Auf diese Weise unterlaufen ihre Arbeiten jede rationale Erklärbarkeit, öffnen sich vielmehr poetisch ins Unvollkommene. Ordnung und spielerische Freiheit, Form- und Spieltrieb verdichten sich zu einer spezifischen Lebendigkeit. Die Betrachter brauchen Zeit, um sich in eine vermeintliche Regelhaftigkeit einzusehen und diese dann zugunsten eines sich befreienden Blicks wieder zu verlieren.

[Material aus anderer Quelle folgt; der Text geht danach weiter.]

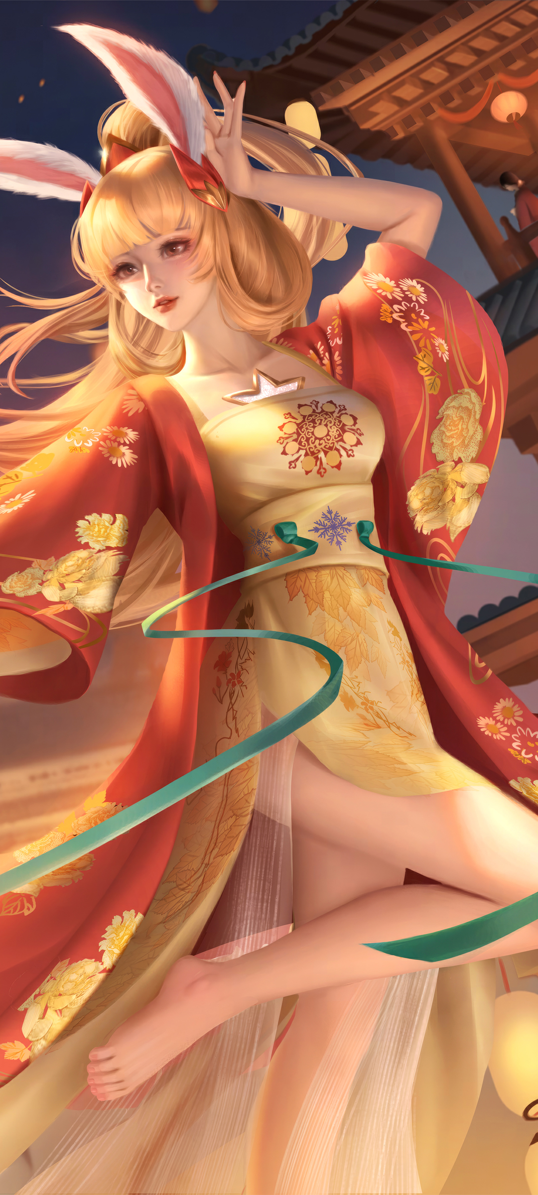 王者荣耀公孙离 兔耳朵 红色衣服 伞 手机 壁纸

Redjaians Werk ist voller Referenzen an weiblich konnotierte Techniken wie Weben, Sticken oder Tagebuch schreiben. Ebenso offensichtlich sind die Referenzen in die Kunstgeschichte, sowohl in die orientalische Ornamentik wie in die westliche Moderne, zum Beispiel zum universellen Ansatz der Bauhaus Ikone Annie Albers oder zur ästhetischen Reduktion von Agnes Martin.

In der ebenso schönen wie strengen, seriellen wie imperfekten Formensprache der Kunst von Haleh Redjaian verbinden sich west-östliche Traditionslinien von Orient und Okzident. Allein die Selbstverständlichkeit, mit der dies geschieht, macht ihre Haltung heute (leider) überaus relevant.